Setting drug policy goals is similar to setting educational targets in this sense. It is easy for the government to outlaw consensual crime, but hard to prevent it. Drug use is characterized by long-term cycles of greater and lesser use (Musto, 1987). Government interventions certainly affect the quality of these cycles (e.g. whether use is severely punished or grudgingly tolerated) and they presumably have some impact on their magnitude and length, but the larger trends are a function of demand. Demand is the summation of the tastes and preferences of hundreds of millions of potential consumers, not a policy variable which the government can easily control.

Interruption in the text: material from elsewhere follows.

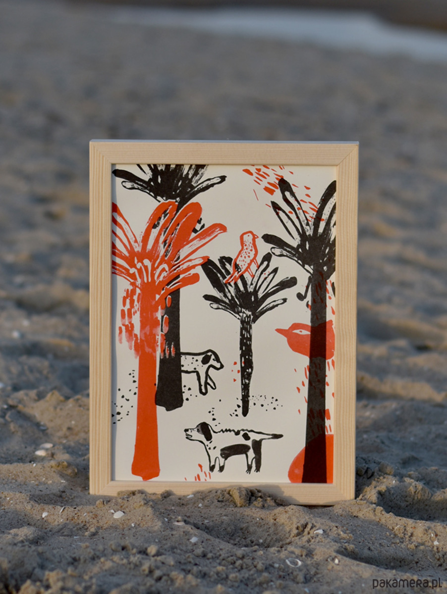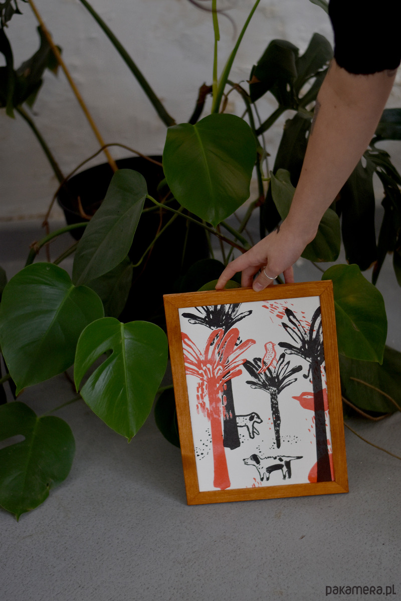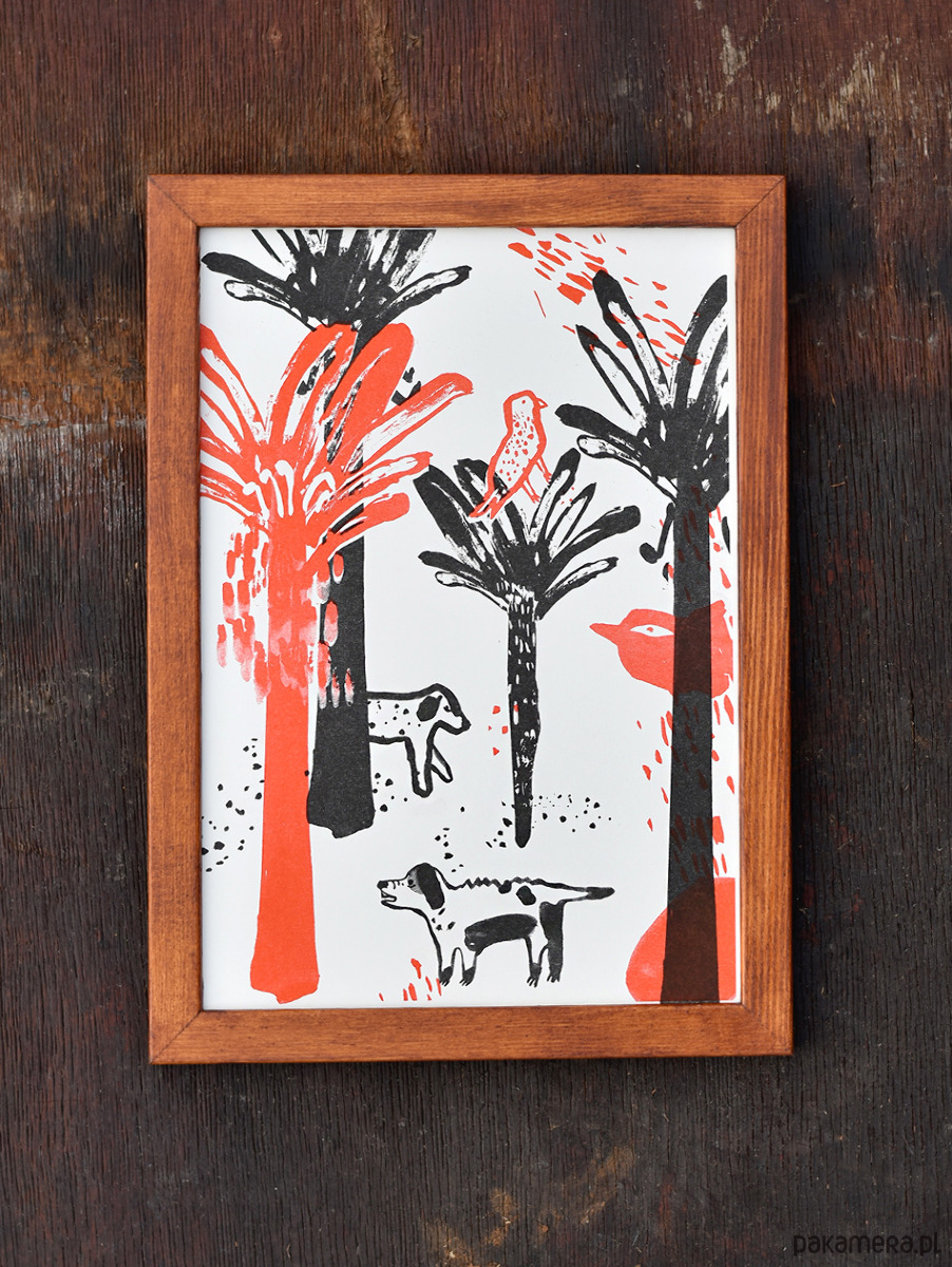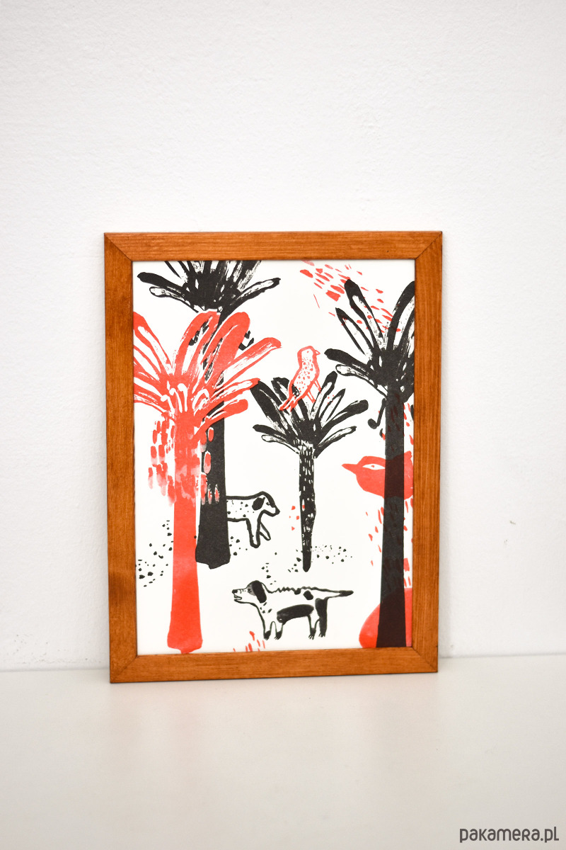 Grafika Dżungla została wydrukowany metodą risografii, która pozwala uzyskać wyjątkowo intensywne, piękne kolory. Technika ta nadaje pracy unikalny efekt i sprawia, że każdy egzemplarz jest trochę inny i niepowtarzalny.

Both use reduction and harm reduction are inferior to process-orientated goals in this respect. For example, the government could be held accountable for the extent to which it achieved a goal such as providing treatment on demand to all users. This is not an endorsement of process goals which have other, obvious limitations. The comparison illustrates, however, that neither use nor harm reduction goals are particularly good "score cards with which one can evaluate the government's performance; too many factors outside the government's control also affect use and harm.

Coda

Use reduction and harm reduction each have strengths and limitations. Our goals in writing this paper are (I) to prompt more debate about the choice of drug policy goals and (2) to provide the reader with insight and information that inform his or her own opinion. Having (hope fully) achieved some degree of success in those two respects, we will close by offering our own opinions.

Our recommendation is that the overall objective be to minimize the harm associated with the production, distribution, consumption and control of illicit substances. Reducing use should be seen as a principal means of attaining that end. However, although reducing use is a principal way of reducing harm, it is neither the only way nor a foolproof way. Some programs that have a negligible effect on use may reduce drug-related harm. For example, encouraging injection drug users to avoid unsafe sexual practices might reduce the spread of HIV. Similarly, some programs that reduce use may actually increase harm, e.g. prosecuting pregnant users for distributing drugs through their umbilical cord may discourage those who use anyhow from seeking prenatal care.

If explicitly articulating harm reduction goals were deemed politically infeasible, then expressing use reduction goals in terms of the quantity consumed and/or amount spent on drugs, rather than prevalence, would be a "back door" way of making goals more reflective of the harms drugs impose.

Revising national goals in this manner could, if pursued, lead to substantial changes in policy. It is our belief (see Reuter & Caulkins, 1995) that augmenting use reduction with explicit harm reduction goals and admitting the possibility that one might at times be willing to accept higher use if it yields substantially less harmful use, would encourage wiser policies.

Acknowledgement

Financial support was provided by the Ford Foundation and the Rand Corporation.